** Raw data follows **

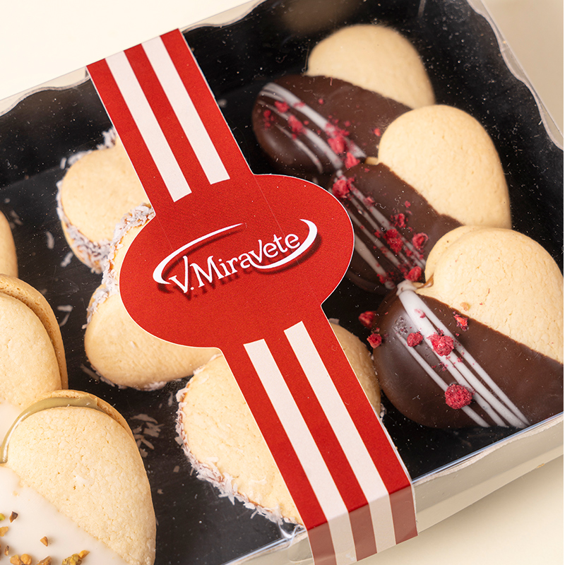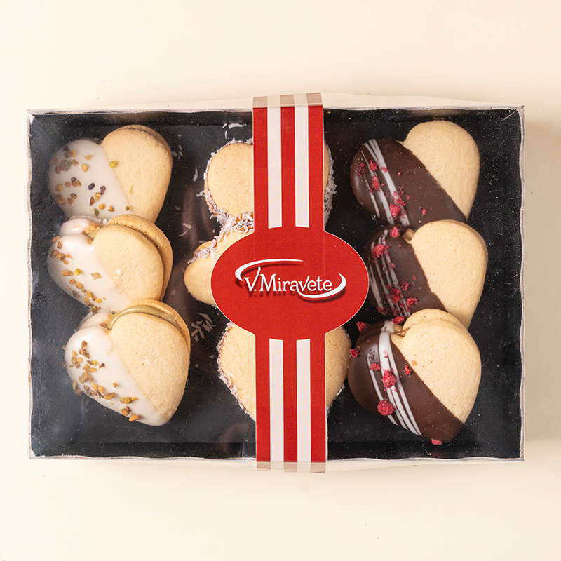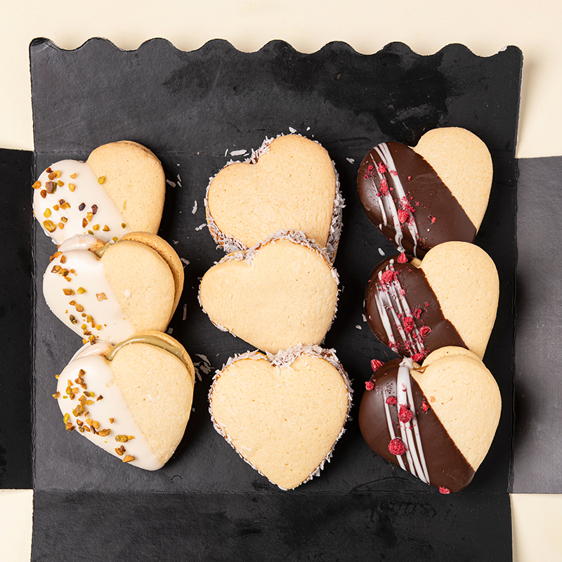Alfajores corazón de dulce de leche, chocolate blanco y chocolate con leche.
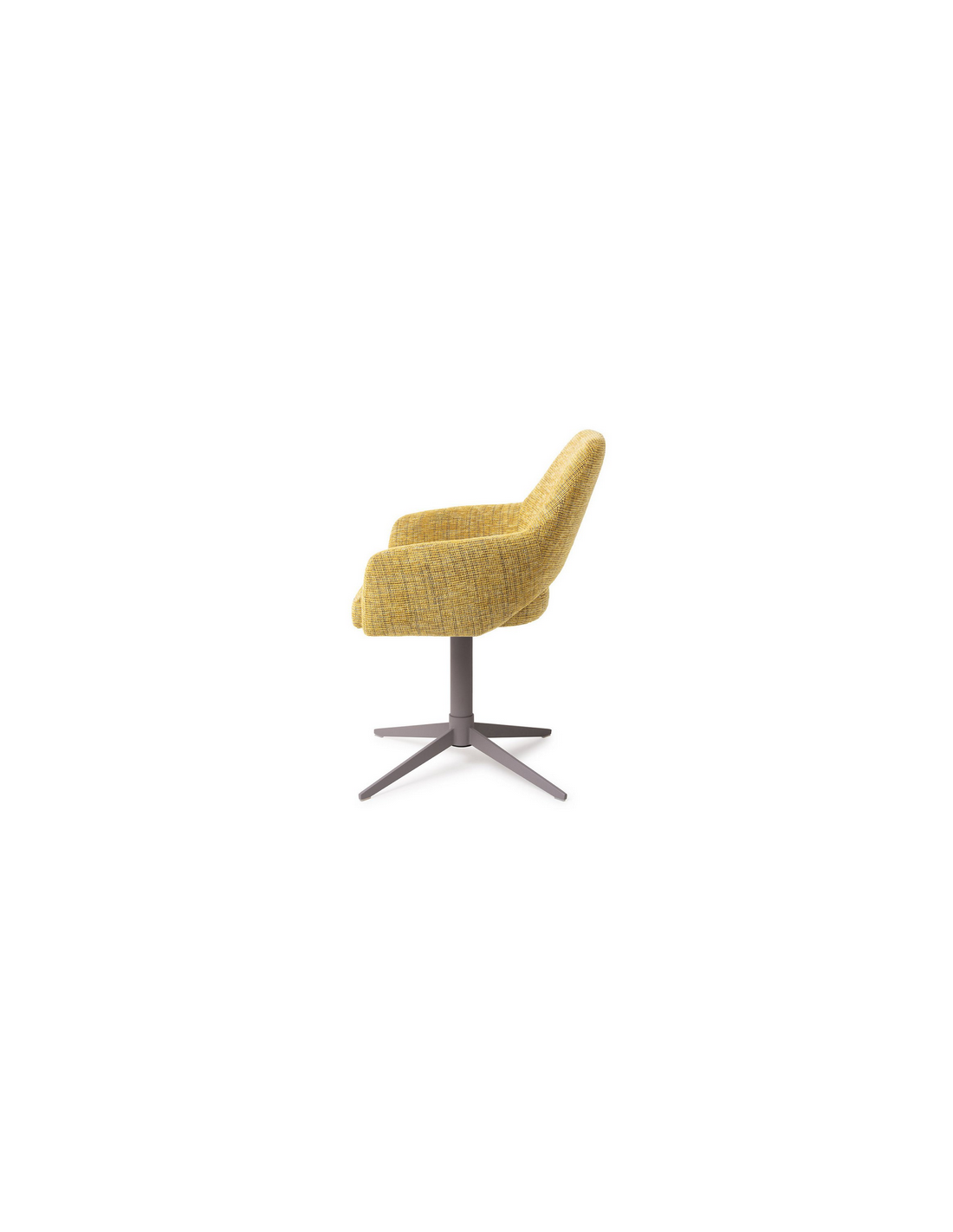 YANAI Spisebordsstol med armlæn og drejefod, udført i et moderne design med stel i grålakeret stål og sæde i gul polyester. Stolen måler 83 cm i højden over ryggen og med siddehøjde på 49 cm.
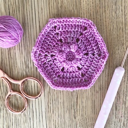 This pretty floral motif is worked in the round using 4ply cotton. Inspired by Spring blossom, this design uses bobble stitches to make each delicate three dimensional flower. Originally designed for Inside Crochet magazine issue 114, join the motifs to make a decorative bunting
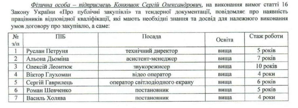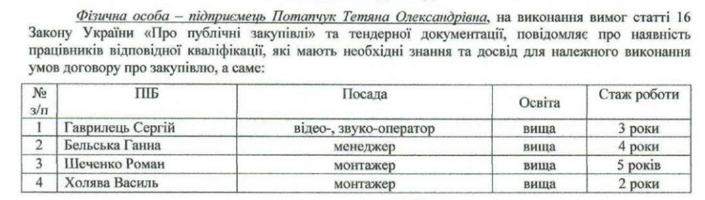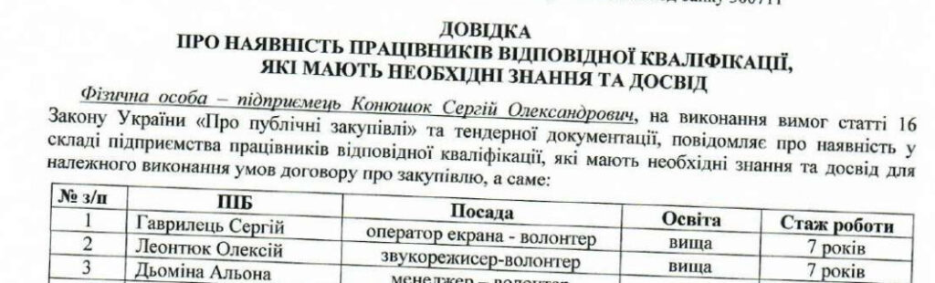 Цікаві моменти є і в самих тендерних пропозиціях. Наприклад, однаково підписані назви документів. Або ж спільні співробітники у довідці про наявність працівників, що мають відповідну кваліфікацію для надання послуг.
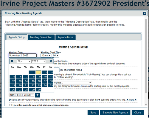 Adding new Agendas for future meetings
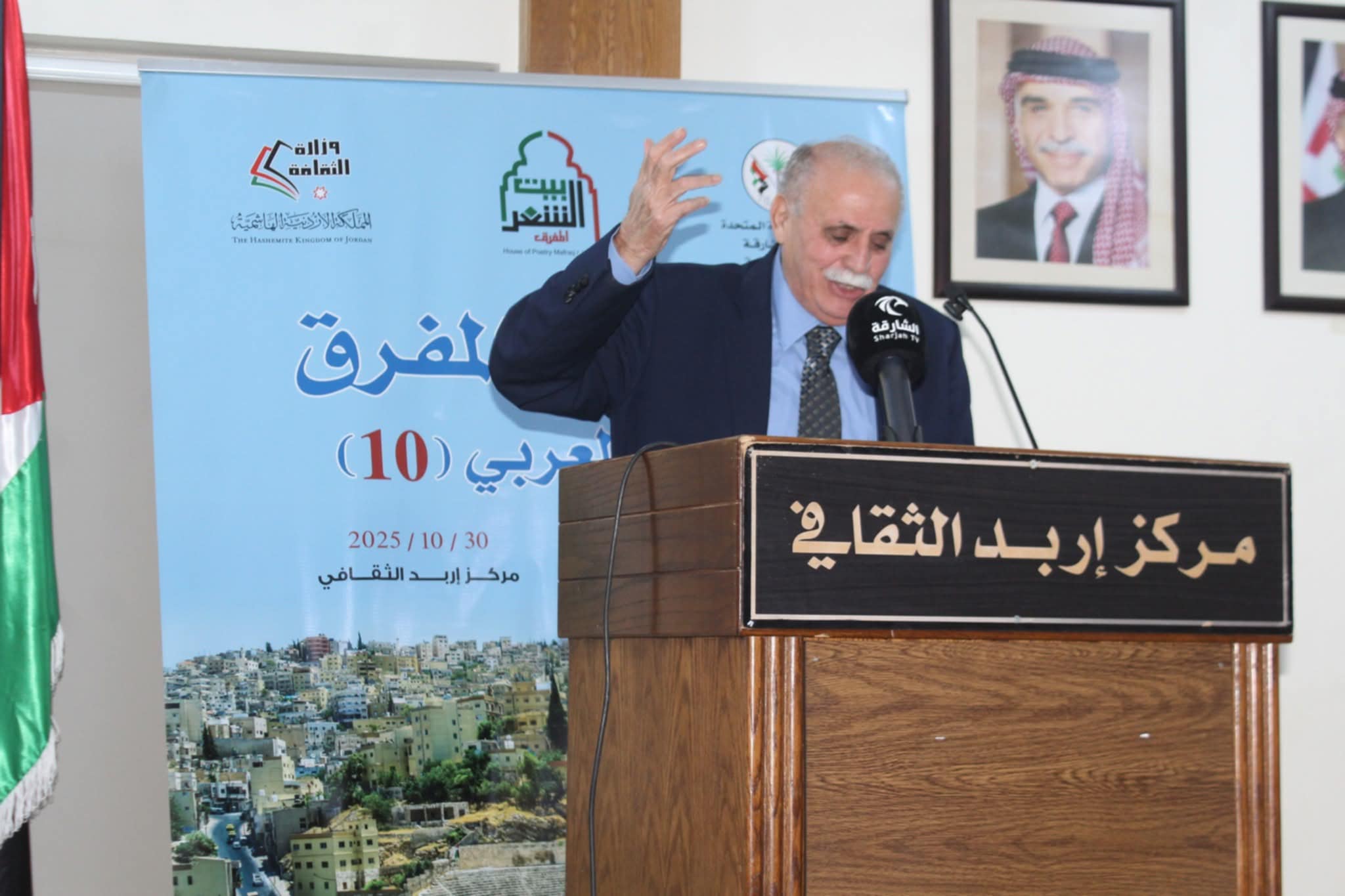 بحضور نخبه من الشعراء والمهتمين بالشأن الثقافي أختتمت مساء أمس في مركز إربد الثقافي فعاليات مهرجان بيت الشعر العربي/المفرق العاشر والذي ينظمه بيت الشعر الأردني/ المفر ق بالتعاون مع بيت الشعر في الشارقة . أمسية الختام التي شارك بها كل من الشعراء " حربي المصري، طي حتاملة ، خالد مياس ،إبراهيم الحسبان، حمزة بني ياسين رند الرفاعي ، وقدمها الشاعر الدكتور سلطان الزغول مدير ثقافة اربد الذي اكد في بداية الامسية على اقامة مثل هذه المهرجانات التي تعزز مفهوم هوية الشعر العربي وجمالياته . وحول دور بيت الشعر العربي ودوره الريادي أضاف الزغول " يرجع الفضل في تأسيس بيوت الشعر العربي في الحفاظ على الهوية العربية الإسلامية الى توجيهات الشيخ الدكتور سلطان القاسمي أمير الشارقة . وقرأ الشعراء المشاركين في حفل الاختتام قصائد عاينت الحياة وأحوال الأمة. وفي نهاية الأمسية كرم مدير بيت الشعر في المفرق فيصل السرحان المشاركين بشهادات تقديرية . وقد انطلقت فعاليات مهرجان المفرق العاشر مساء الاثنين ولمدة اربعة ايام تحت رعاية مندوب وزير الثّقافة مدير عام المكتبة الوطنية الدكتور فراس الضرابعة . بمشاركة مجموعة من الشعراء الأردنيين والعرب .

** End of Raw data **

**Assignment**
Except for the pictures, give all the material above again verbatim.

**Task answer**
Alfajores corazón de dulce de leche, chocolate blanco y chocolate con leche.
 YANAI Spisebordsstol med armlæn og drejefod, udført i et moderne design med stel i grålakeret stål og sæde i gul polyester. Stolen måler 83 cm i højden over ryggen og med siddehøjde på 49 cm.
 This pretty floral motif is worked in the round using 4ply cotton. Inspired by Spring blossom, this design uses bobble stitches to make each delicate three dimensional flower. Originally designed for Inside Crochet magazine issue 114, join the motifs to make a decorative bunting
 Цікаві моменти є і в самих тендерних пропозиціях. Наприклад, однаково підписані назви документів. Або ж спільні співробітники у довідці про наявність працівників, що мають відповідну кваліфікацію для надання послуг.
 Adding new Agendas for future meetings
 بحضور نخبه من الشعراء والمهتمين بالشأن الثقافي أختتمت مساء أمس في مركز إربد الثقافي فعاليات مهرجان بيت الشعر العربي/المفرق العاشر والذي ينظمه بيت الشعر الأردني/ المفر ق بالتعاون مع بيت الشعر في الشارقة . أمسية الختام التي شارك بها كل من الشعراء " حربي المصري، طي حتاملة ، خالد مياس ،إبراهيم الحسبان، حمزة بني ياسين رند الرفاعي ، وقدمها الشاعر الدكتور سلطان الزغول مدير ثقافة اربد الذي اكد في بداية الامسية على اقامة مثل هذه المهرجانات التي تعزز مفهوم هوية الشعر العربي وجمالياته . وحول دور بيت الشعر العربي ودوره الريادي أضاف الزغول " يرجع الفضل في تأسيس بيوت الشعر العربي في الحفاظ على الهوية العربية الإسلامية الى توجيهات الشيخ الدكتور سلطان القاسمي أمير الشارقة . وقرأ الشعراء المشاركين في حفل الاختتام قصائد عاينت الحياة وأحوال الأمة. وفي نهاية الأمسية كرم مدير بيت الشعر في المفرق فيصل السرحان المشاركين بشهادات تقديرية . وقد انطلقت فعاليات مهرجان المفرق العاشر مساء الاثنين ولمدة اربعة ايام تحت رعاية مندوب وزير الثّقافة مدير عام المكتبة الوطنية الدكتور فراس الضرابعة . بمشاركة مجموعة من الشعراء الأردنيين والعرب .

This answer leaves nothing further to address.